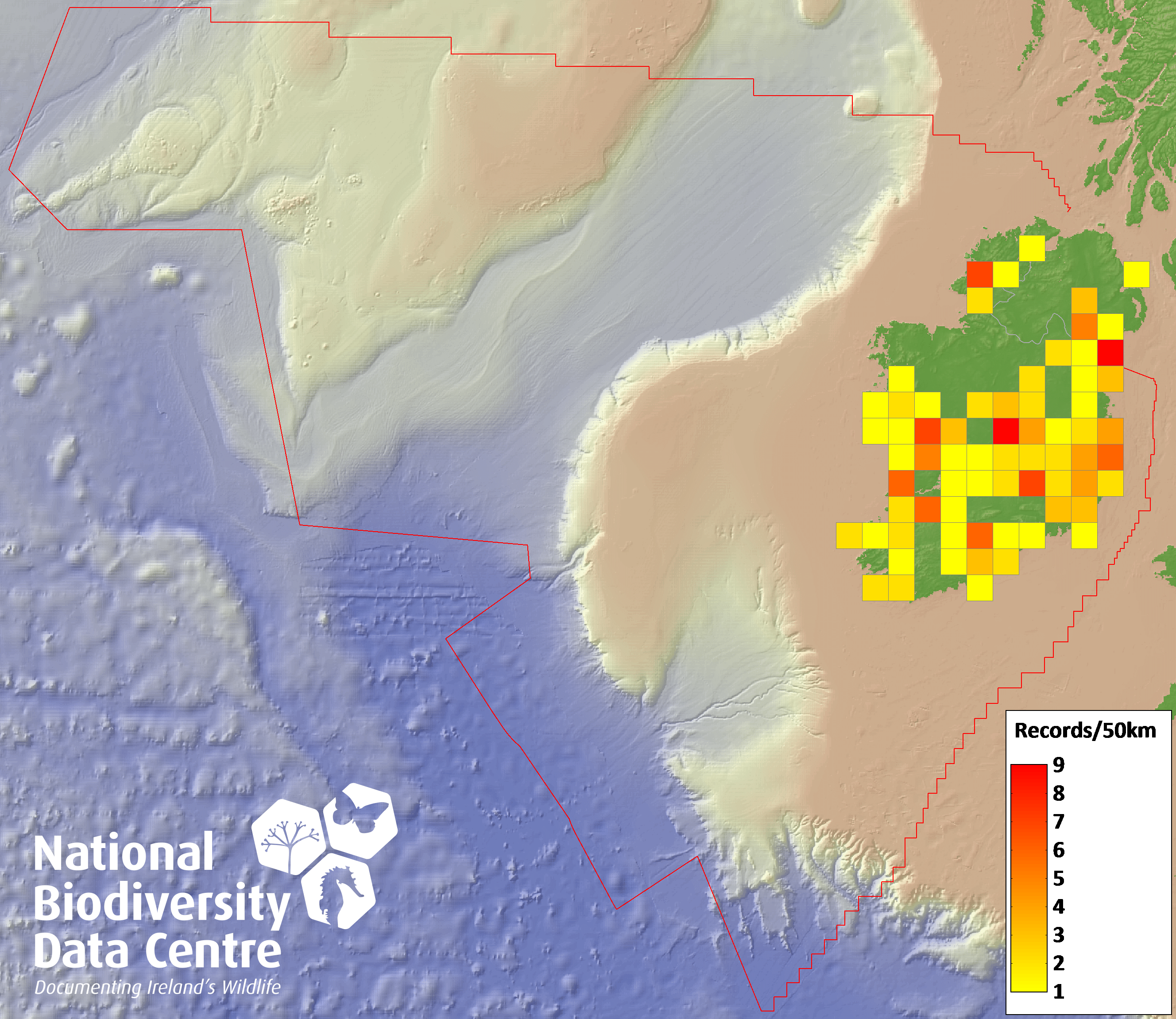 Distribution of the number of records recorded within each 10km grid square (ITM).Marine Map - 50km
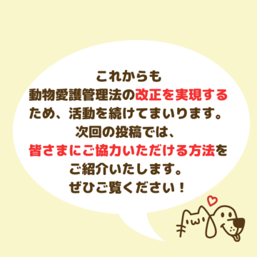 今秋開催が予定される臨時国会において、さまざまな重要課題が取り上げられるであろう中、その中に動物愛護管理法の改正も加えてもらうためには、皆さまの声が欠かせません。この声が社会を動かす力となるよう、さらに強く発信していくために、皆さまのお力添えが何よりも重要です。
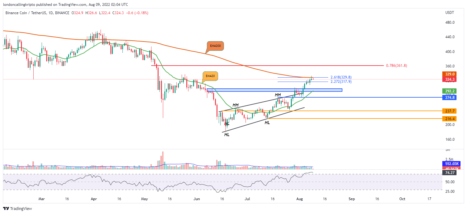 Laju kenaikan BNB tertahan di day-200 EMA pada level $329 yang menjadi resistance dinamis yang kuat dari winter season tahun ini. Day-200 EMA menjadi kunci untuk merubah major trend dan kemungkinan bisa mengakhiri fase bearish pada BNB.
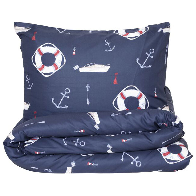 På påslakansettet hittar du bojar, ankare, båtar och sjömärken på marinblå botten.
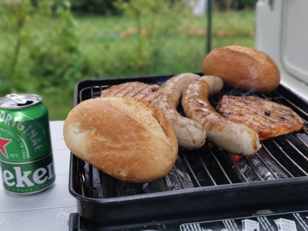 Am Reisemobil zurück angekommen, warfen wir – nach einer stärkenden Dose Bier – wieder unseren Grill an. Anschließend ging ich noch zu unseren Stellplatz-Nachbarn, um mich für den Brötchenservice mit einer Dose Heineken zu revanchieren. Kate kam nach einer halben Stunde nach und wir verbrachten noch einen netten Abend. Wir schnackten über dies und das und verabredeten, dass wir uns melden – sollten wir auf unserer anstehenden „Süd-Ost-Expedition“ in der Nähe Bambergs vorbeiziehen.

:: TASK INSTRUCTIONS ::
What is needed is an exact copy of the lines from the one containing "今秋開催が予定される臨時国会" through the last line of the records, with every picture left out.

:: SOLUTION TO THIS TASK ::
 今秋開催が予定される臨時国会において、さまざまな重要課題が取り上げられるであろう中、その中に動物愛護管理法の改正も加えてもらうためには、皆さまの声が欠かせません。この声が社会を動かす力となるよう、さらに強く発信していくために、皆さまのお力添えが何よりも重要です。
 Laju kenaikan BNB tertahan di day-200 EMA pada level $329 yang menjadi resistance dinamis yang kuat dari winter season tahun ini. Day-200 EMA menjadi kunci untuk merubah major trend dan kemungkinan bisa mengakhiri fase bearish pada BNB.
 På påslakansettet hittar du bojar, ankare, båtar och sjömärken på marinblå botten.
 Am Reisemobil zurück angekommen, warfen wir – nach einer stärkenden Dose Bier – wieder unseren Grill an. Anschließend ging ich noch zu unseren Stellplatz-Nachbarn, um mich für den Brötchenservice mit einer Dose Heineken zu revanchieren. Kate kam nach einer halben Stunde nach und wir verbrachten noch einen netten Abend. Wir schnackten über dies und das und verabredeten, dass wir uns melden – sollten wir auf unserer anstehenden „Süd-Ost-Expedition“ in der Nähe Bambergs vorbeiziehen.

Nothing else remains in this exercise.